**TASK**
Every entry below should be transcribed exactly; pictures stay out of the copy.

________

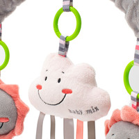 Krásná barevná hračka-hrazdička Baby Mix do kočárku. Na hrazdičce je pět plyšových hraček. Madlo hračky má dva klipy, kterými lze hračku připevnit ke kočárku, lehátku nebo autosedačce. Tvary a barvy hračky lákají pozornost dítěte, učí ho, baví a rozvíjí tak dětskou fantazii. Hračka je vyrobená z kvalitního a příjemného materiálu. Výška hraček cca 12 cm. Délka madla cca 80 cm. Vhodné pro děti od 3 měsíců.
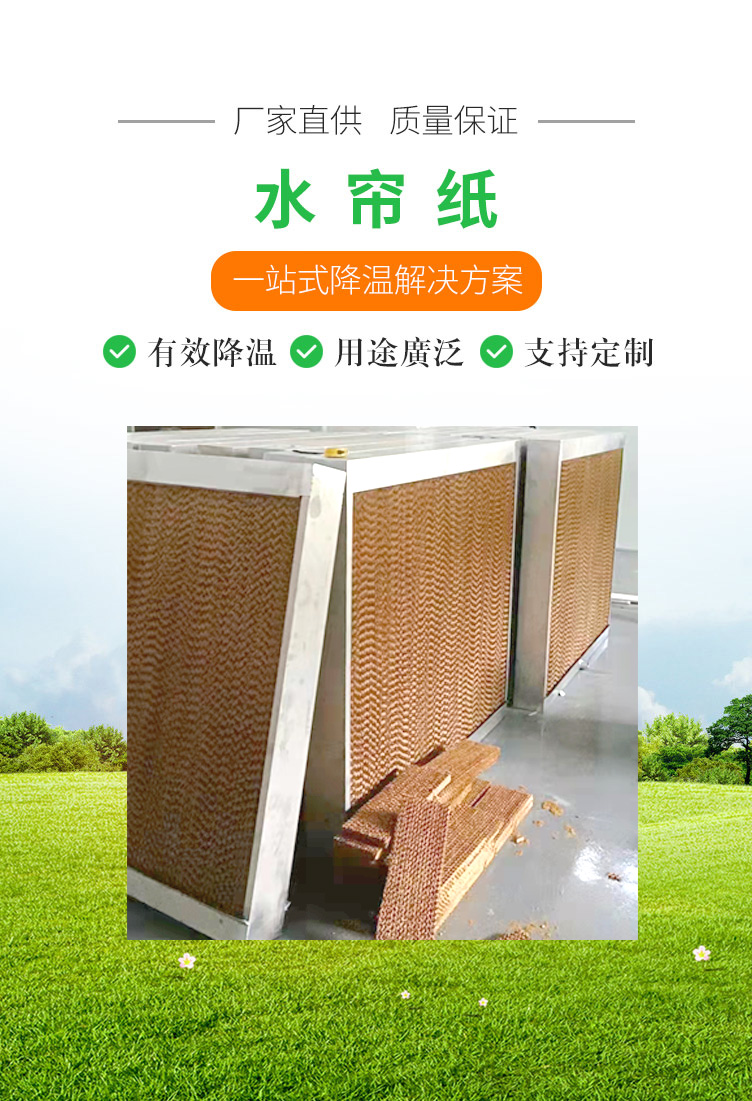 公司致力于發展提高節能環保領域及通風降溫系統工程,適用各類工廠車間,關殖場,網吧降溫需求。我司水簾片,濕簾墻質地堅硬,抗壓力高,吸水性好,不易變形,不縮水。
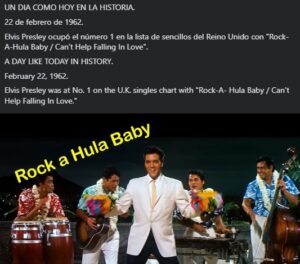 22 de febrero de 1962. Elvis Presley ocupó el número 1 en la lista de sencillos del Reino Unido con “Rock-A-Hula Baby / Can’t Help Falling In Love”. radio-mickyandonie 22 febrero, 2026 Un dia como hoy en la Historia de la Musica Leave a comment 325 Views Share Facebook Twitter Stumbleupon LinkedIn Pinterest
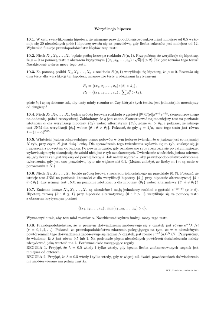 10.9. Zmienne losowe X1 , X2 , . . . , Xn są niezależne, przy czym Xi ma rozkład N (θi , 1). Weryfikuje się
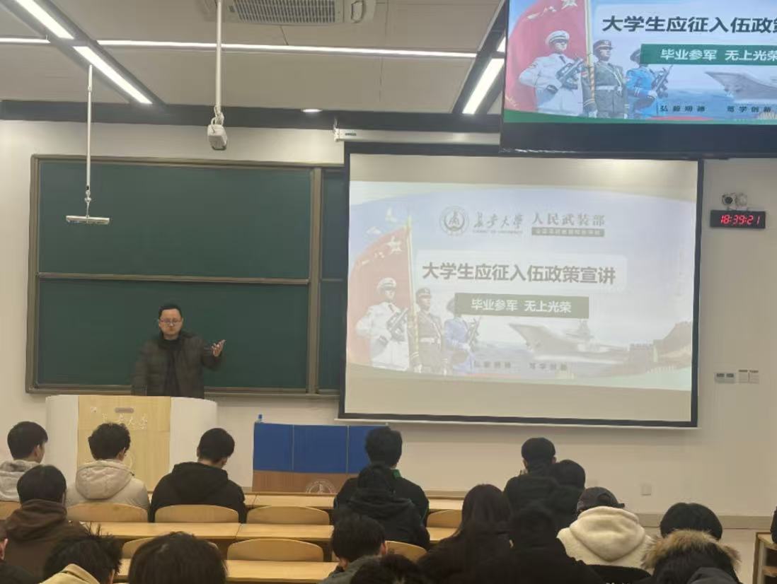 为积极响应国家号召,激发青年学生参军热情,推动毕业生就业工作,根据学校武装部工作安排,12月24日下午,世界杯体育官方网站面向本科毕业生,在鸿远教学楼1104和1308召开了征兵工作宣讲会。会议邀请校武装部人防专干李武军老师、2023级退役大学生士兵王杰为宣讲人,2022级本科生参加。辅导员侯梦阳、陈子毅主持会议。
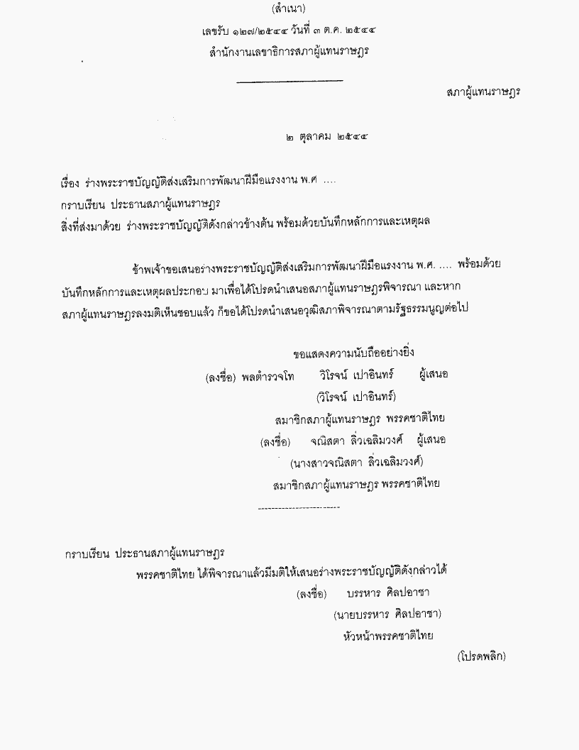 ชื่อเอกสาร :   ร่างพระราชบัญญัติส่งเสริมการพัฒนาฝีมือแรงงาน พ.ศ. .... (พลตำรวจโท วิโรจน์ เปาอินทร์ และนางสาวจณิสตา ลิ่วเฉลิมวงศ์ เป็นผู้เสนอ)
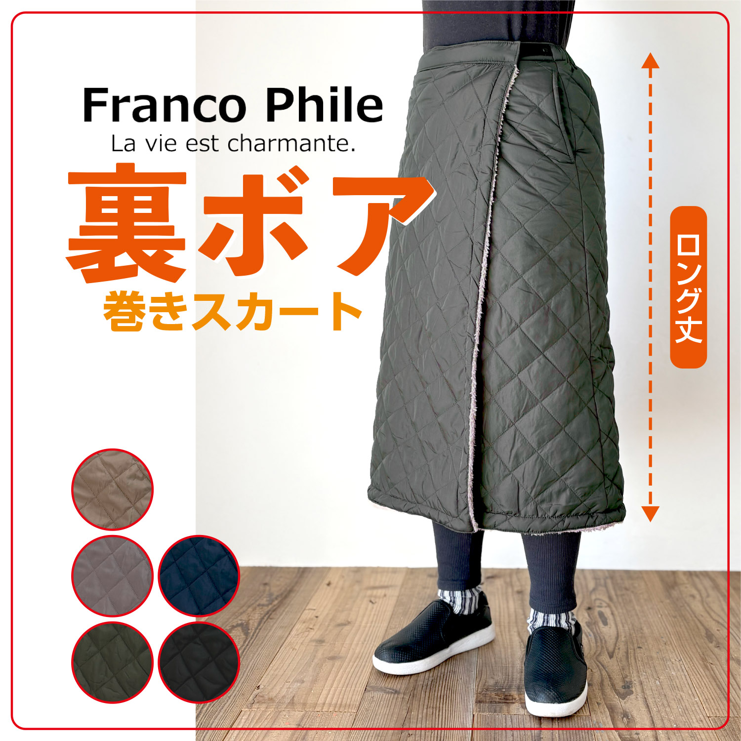 【公式・直販】 防寒 巻きスカート お花見 ひざ掛け ロング丈 ブランケット 裏ボア キルティング ラップスカート キャンプ トーマセンイ Franco Phile 73407
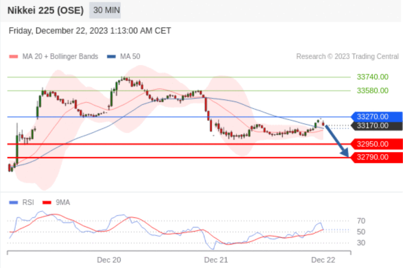 交易策略: 在 33270.00 之下,看跌,目标价位为 32950.00 ,然后为 32790.00 。
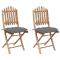 Chaises pliables de jardin lot de 2 avec coussins BambouCet ensemble de 2 chaises de jardin avec coussins sera un excellent choix pour les repas en plein air dans le jardin ou sur la terrasse. Fabriquée en bambou massif, la chaise d'extérieur est résistante et durable. Elle est également résistante aux intempéries et imperméable et facile à nettoyer avec un chiffon humide. La chaise de salle à manger est pliable pour économiser de l'espace de stockage lorsqu'elle n'est pas utilisée. De plus, les coussins fournis offrent du confort supplémentaire lors de la détente. Elle est composée à 100 % de polyester, ce qui la rend résistante et durable pour être adaptée à une utilisation en plein air. Chaque coussin a deux jeux de cordes pour le fixer fermement sur la chaise. Remarque : Afin de prolonger la durée de vie de vos meubles d'extérieur, nous vous recommandons de les nettoyer régulièrement et de ne pas les laisser à l'extérieur sans protection inutilement.Nettoyage : Utiliser une solution savonneuse douceStockage : Si possible, stockez dans un endroit frais et sec à l'intérieur. Si le produit est stocké à l'extérieur, protégez-le avec une housse imperméable. Essuyez et séchez l'excès d'eau ou de neige des surfaces planes après la pluie ou une chute de neige. Permettez une circulation d'air suffisante afin d'éviter les dommages liés à l'humidité. Maximum 110 kg par siège.
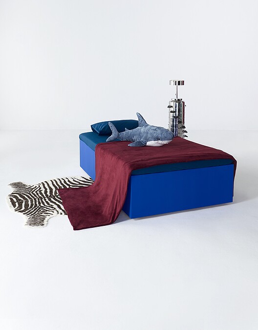 以四月就要停產的 IKEA 鯊魚為創作靈感,藉由鯊魚從不睡覺,但大家買它卻是做為睡眠陪伴的消費行為,諷刺地表達人類與動物的關係。作品的物件緊扣海洋元素,藍色象徵大海與自由,勃根地紅的毯子象徵血腥,形象可愛、陪伴人類入眠的鯊魚,最終被人類以殘酷的方式傷害,地上的虎皮地毯則雙重呼應動保議題,以幽默、童趣的方式,包裝殘酷且哀傷的訊息,讓人在親近作品的同時,啟發深沉的思考。

________

**EXERCISE OUTPUT**
 Krásná barevná hračka-hrazdička Baby Mix do kočárku. Na hrazdičce je pět plyšových hraček. Madlo hračky má dva klipy, kterými lze hračku připevnit ke kočárku, lehátku nebo autosedačce. Tvary a barvy hračky lákají pozornost dítěte, učí ho, baví a rozvíjí tak dětskou fantazii. Hračka je vyrobená z kvalitního a příjemného materiálu. Výška hraček cca 12 cm. Délka madla cca 80 cm. Vhodné pro děti od 3 měsíců.
 公司致力于發展提高節能環保領域及通風降溫系統工程,適用各類工廠車間,關殖場,網吧降溫需求。我司水簾片,濕簾墻質地堅硬,抗壓力高,吸水性好,不易變形,不縮水。
 22 de febrero de 1962. Elvis Presley ocupó el número 1 en la lista de sencillos del Reino Unido con “Rock-A-Hula Baby / Can’t Help Falling In Love”. radio-mickyandonie 22 febrero, 2026 Un dia como hoy en la Historia de la Musica Leave a comment 325 Views Share Facebook Twitter Stumbleupon LinkedIn Pinterest
 10.9. Zmienne losowe X1 , X2 , . . . , Xn są niezależne, przy czym Xi ma rozkład N (θi , 1). Weryfikuje się
 为积极响应国家号召,激发青年学生参军热情,推动毕业生就业工作,根据学校武装部工作安排,12月24日下午,世界杯体育官方网站面向本科毕业生,在鸿远教学楼1104和1308召开了征兵工作宣讲会。会议邀请校武装部人防专干李武军老师、2023级退役大学生士兵王杰为宣讲人,2022级本科生参加。辅导员侯梦阳、陈子毅主持会议。
 ชื่อเอกสาร :   ร่างพระราชบัญญัติส่งเสริมการพัฒนาฝีมือแรงงาน พ.ศ. .... (พลตำรวจโท วิโรจน์ เปาอินทร์ และนางสาวจณิสตา ลิ่วเฉลิมวงศ์ เป็นผู้เสนอ)
 【公式・直販】 防寒 巻きスカート お花見 ひざ掛け ロング丈 ブランケット 裏ボア キルティング ラップスカート キャンプ トーマセンイ Franco Phile 73407
 交易策略: 在 33270.00 之下,看跌,目标价位为 32950.00 ,然后为 32790.00 。
 Chaises pliables de jardin lot de 2 avec coussins BambouCet ensemble de 2 chaises de jardin avec coussins sera un excellent choix pour les repas en plein air dans le jardin ou sur la terrasse. Fabriquée en bambou massif, la chaise d'extérieur est résistante et durable. Elle est également résistante aux intempéries et imperméable et facile à nettoyer avec un chiffon humide. La chaise de salle à manger est pliable pour économiser de l'espace de stockage lorsqu'elle n'est pas utilisée. De plus, les coussins fournis offrent du confort supplémentaire lors de la détente. Elle est composée à 100 % de polyester, ce qui la rend résistante et durable pour être adaptée à une utilisation en plein air. Chaque coussin a deux jeux de cordes pour le fixer fermement sur la chaise. Remarque : Afin de prolonger la durée de vie de vos meubles d'extérieur, nous vous recommandons de les nettoyer régulièrement et de ne pas les laisser à l'extérieur sans protection inutilement.Nettoyage : Utiliser une solution savonneuse douceStockage : Si possible, stockez dans un endroit frais et sec à l'intérieur. Si le produit est stocké à l'extérieur, protégez-le avec une housse imperméable. Essuyez et séchez l'excès d'eau ou de neige des surfaces planes après la pluie ou une chute de neige. Permettez une circulation d'air suffisante afin d'éviter les dommages liés à l'humidité. Maximum 110 kg par siège.
 以四月就要停產的 IKEA 鯊魚為創作靈感,藉由鯊魚從不睡覺,但大家買它卻是做為睡眠陪伴的消費行為,諷刺地表達人類與動物的關係。作品的物件緊扣海洋元素,藍色象徵大海與自由,勃根地紅的毯子象徵血腥,形象可愛、陪伴人類入眠的鯊魚,最終被人類以殘酷的方式傷害,地上的虎皮地毯則雙重呼應動保議題,以幽默、童趣的方式,包裝殘酷且哀傷的訊息,讓人在親近作品的同時,啟發深沉的思考。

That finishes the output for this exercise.